И только когда мне позвонил Сталин, я поехал на этот завод и познакомился с конструктором дизеля тов. Чупахиным[270]. Дизель был очень интересный. Я не мог сделать заключение, может ли он быть пригодным для установки на бомбардировщике. Но для танка (а Чупахин его строил для танка) это был хороший дизель. Парторгом ЦК на этом заводе тогда был Епишев. Он только что, по-моему, закончил Военную академию и был назначен парторгом ЦК, то есть не выбирался партийной организацией, а был утвержден Центральным Комитетом ВКП(б) и не был подотчетен местным партийным организациям.
Я установил связь с заводом и стал наблюдать за ходом работ. Не помню, в каком месяце, но это было летом, мне позвонили, что такого-то числа под Харьковом, на Северском Донце будет испытываться танк Т-34. Это был новый, многообещающий танк. Я сейчас же выехал в Харьков: хотел посмотреть, как работает дизель и что это за танк. Прибыл я в Харьков и в тот же день выехал на полигон на поле, восточнее Харькова. Место для испытания танка было очень хорошо выбрано: там сыпучие пески и там же сильно заболоченные места около озера. Я наблюдал, стоя на возвышенности, как буквально бегает танк, преодолевая препятствия и в песках, и в болотах.
Помню, еще произошел тогда такой инцидент. Я его много раз вспоминал, когда позднее встречался с этими товарищами. Рядом со мной на испытаниях стояли люди, которых я не знал лично. Один из них, красивый мужчина лет тридцати восьми, может быть, сорока, в синем, ладно сшитом, чистеньком комбинезоне, спрашивает меня: «Товарищ Хрущев, как вы оцениваете танк? Хороший танк?» Я говорю: «Видимо, танк очень хороший, действительно, грозой будет для наших врагов. Но танк-то танком, танк — это вроде телеги, а сердце танка — двигатель. Раз двигатель хорош, поэтому он и бегает». Он, человек умный и с юмором, глянул на меня и говорит: «Вы, видимо, товарищ Хрущев, ошиблись. Вы считаете, что я конструктор дизельного двигателя, то есть Чупахин, а я не Чупахин, я Кучеренко[271], один из группы инженеров, которые создают этот танк. Танк — это вам не телега!» — и улыбнулся. Я извинился и говорю: «Вы правильно определили, я действительно принял вас за Чупахина. У меня такое вот мнение, не знаю, насколько оно правильно, но я все-таки оцениваю по двигателю силу и маневренность танка». Он, как инженер-конструктор, стал мне объяснять достоинства конструкции этого танка. Потом я на практике убедился, что он был прав. Эти танки действительно оказались очень грозным оружием Красной Армии, но, к сожалению, к началу войны их было еще очень мало.

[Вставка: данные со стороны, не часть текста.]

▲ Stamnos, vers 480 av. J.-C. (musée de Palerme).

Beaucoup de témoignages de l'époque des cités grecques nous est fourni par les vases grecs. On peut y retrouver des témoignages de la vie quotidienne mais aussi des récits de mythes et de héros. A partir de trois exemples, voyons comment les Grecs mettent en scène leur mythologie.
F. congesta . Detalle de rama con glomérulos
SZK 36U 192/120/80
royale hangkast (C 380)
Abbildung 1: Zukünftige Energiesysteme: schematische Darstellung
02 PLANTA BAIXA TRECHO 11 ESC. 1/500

После разговора со Сталиным я часто приезжал на этот завод и довольно подробно знакомился с производством, с организацией завода. Тогда Сталин поставил задачу расширения завода, запуска дизеля в серию и организации широкого производства танков Т-34.

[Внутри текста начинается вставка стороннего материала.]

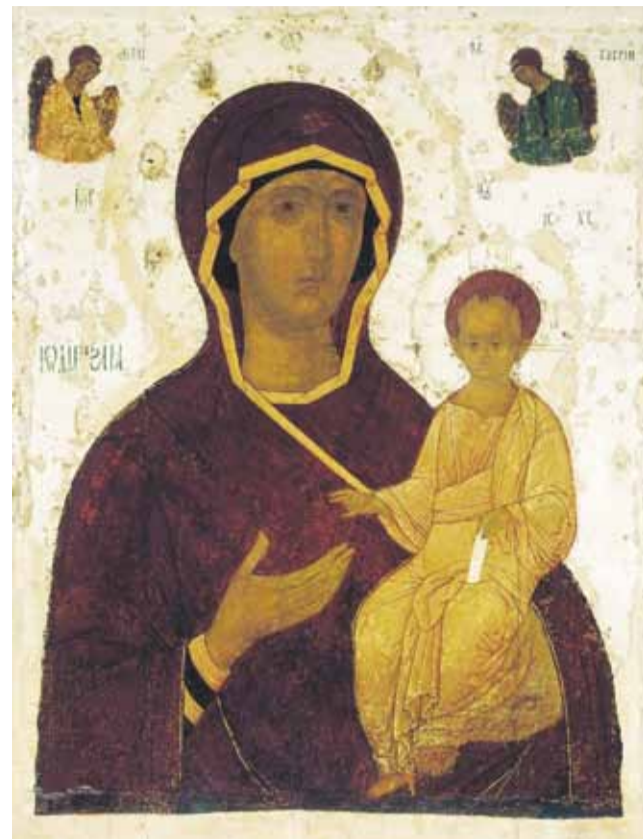
Смоленская икона Божией Матери. Дионисий, 1482 год

На Смоленской иконе Божией Матери, именуемой «Одигитрия», что значит «Путеводительница», мы видим Божию Матерь, правая рука которой указывает на Богомладенца Христа, восседающего на левой руке. Изображения строгие, прямолинейные, головы Христа и Пречистой Девы не касаются друг друга. Богородица как бы говорит всему человеческому роду, что путь истинный — это путь к Христу. На этой иконе она предстает путеводительницей к Богу и вечному спасению.
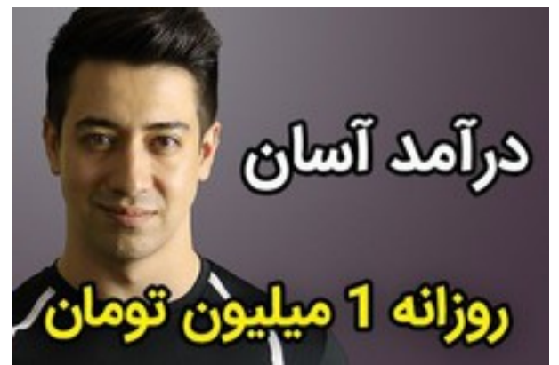
بدون سرمایه ساعتی 42 هزار تومان درآمد داشته باش!
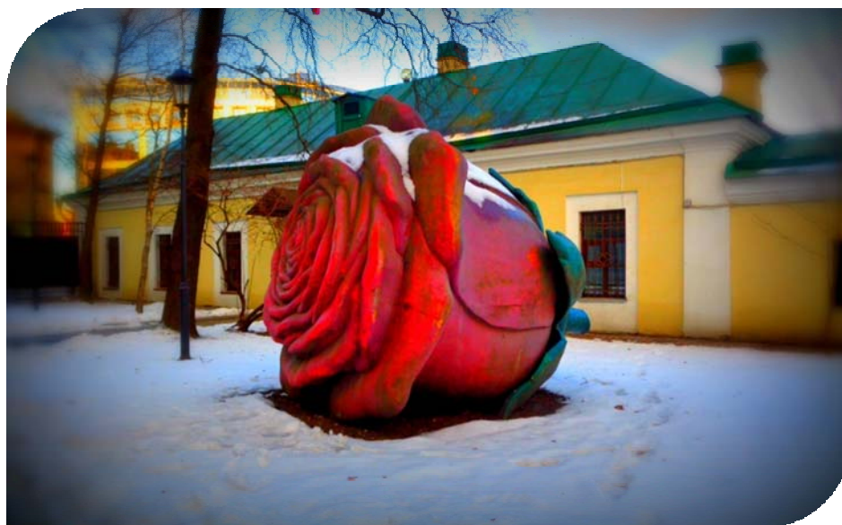
Рисунок 4. Роза Сергея Додта

Арт-объект просто лежит на земле. Его скульптор Сергей Додт, Германия (рис. 4).

Война неумолимо надвигалась. Хотя при встречах Сталин беседовал по этому вопросу очень редко, даже избегал этой темы, замыкался, но было заметно, что он очень волнуется и его это очень беспокоит. Это было заметно и по тому, что он к тому времени стал пить, и довольно много пить, причем не только сам, но и стал спаивать других. Обязательно, если он вызывает, у него бывает очень много народа. Он собирал как можно больший круг людей. Я думал, что он так волнуется потому, что начинает, оставаясь один, плохо себя чувствовать, поэтому ему нужна большая компания с тем, чтобы в этой компании как-то отвлечься от мыслей, которые его беспокоят. А мысли эти: неизбежность войны, а главное (о чем он, видимо, думал), что в этой войне мы потерпим поражение. Войны-то в былые времена он не боялся. Наоборот, считал, что война принесет нам победу и, следовательно, расширение территории, где будут установлены новые, социалистические порядки, будет развеваться победоносное революционное марксистско-ленинское знамя. Но в тот период он так уже не думал, а, наоборот, видимо, беспокоился о том, что если начнется война, то мы можем потерять то, что завоевали под руководством Ленина.

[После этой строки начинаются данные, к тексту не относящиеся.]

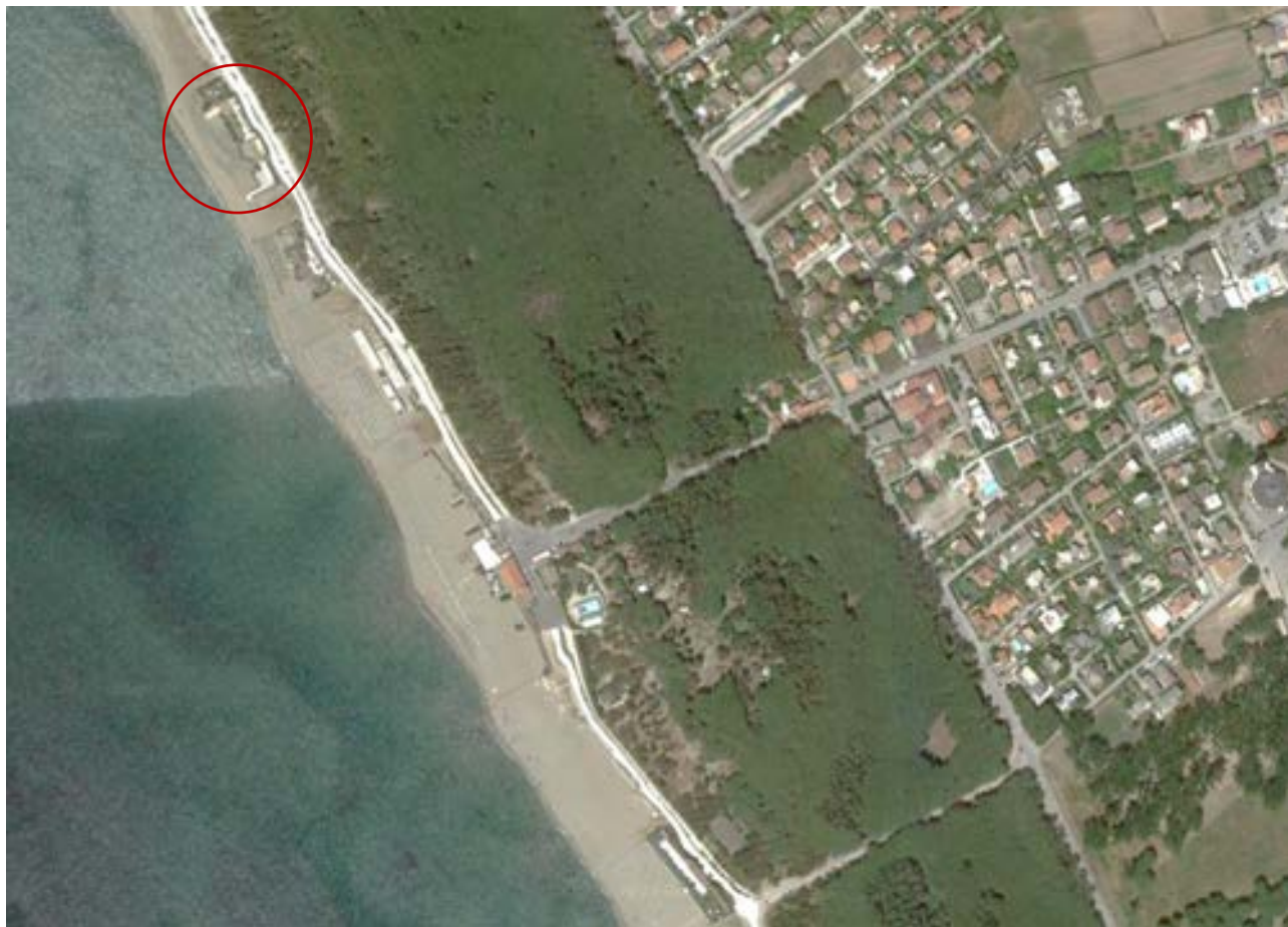
Ubicazione ex Lido Kennedy

L'area demaniale dell'ex Lido Kennedy è ubicata in Via dei Lidi, in località Laura del Comune di Capaccio Paestum, ed è distinta all'Agenzia del Territorio della Provincia di Salerno al foglio di mappa n. 10 nella maggiore consistenza della particella n. 1633. L'area in oggetto confina ad est con il nuovo lungomare, a nord con l'area del lido "Chelys Beach" e a sud con l'area del lido "Dum Dum Republic". L'accesso all'area avviene attraverso il nuovo percorso pavimentato del lungomare.

После капитуляции французов немцы обнаглели. Наглость эта проявлялась в бесцеремонности перелетов разведчиками их воздушных сил границы Советского Союза. Они углублялись до Чернигова, а однажды мы засекли, как они летали над Шосткой. Видимо, разведывали пути бомбежки Шосткинского порохового завода. Бывали случаи, когда немцы совершали вынужденную посадку. Помню, в районе Тернополя сел самолет, и крестьяне буквально захватили в плен немецких летчиков. Кончилось это тем, что этих летчиков отпустили, исправили самолет, и все это прошло тихо, даже, по-моему, протеста не было. Это еще больше вызывало уверенность фашистов в их безнаказанности.
На границе мы видели, что немцами уже стягиваются войска, что они готовятся и что война неизбежна. Естественно, мы беспокоились не меньше Сталина. Помню, мы с командующим войсками КОВО обратились с письмом к Сталину. Я, как секретарь ЦК КП(б)У, предложил написать Сталину, рассказать, что делается у нас на границе со стороны немцев. Чтобы мы не были застигнуты врасплох, нам надо произвести кое-какие работы по укреплению границы. Там велись работы по созданию долговременных железобетонных укреплений с артиллерийскими и пулеметными установками. Это дело двигалось очень медленно, и было видно, что мы не успеем закончить эти работы. Поэтому я предложил командующему написать такое письмо. Он согласился.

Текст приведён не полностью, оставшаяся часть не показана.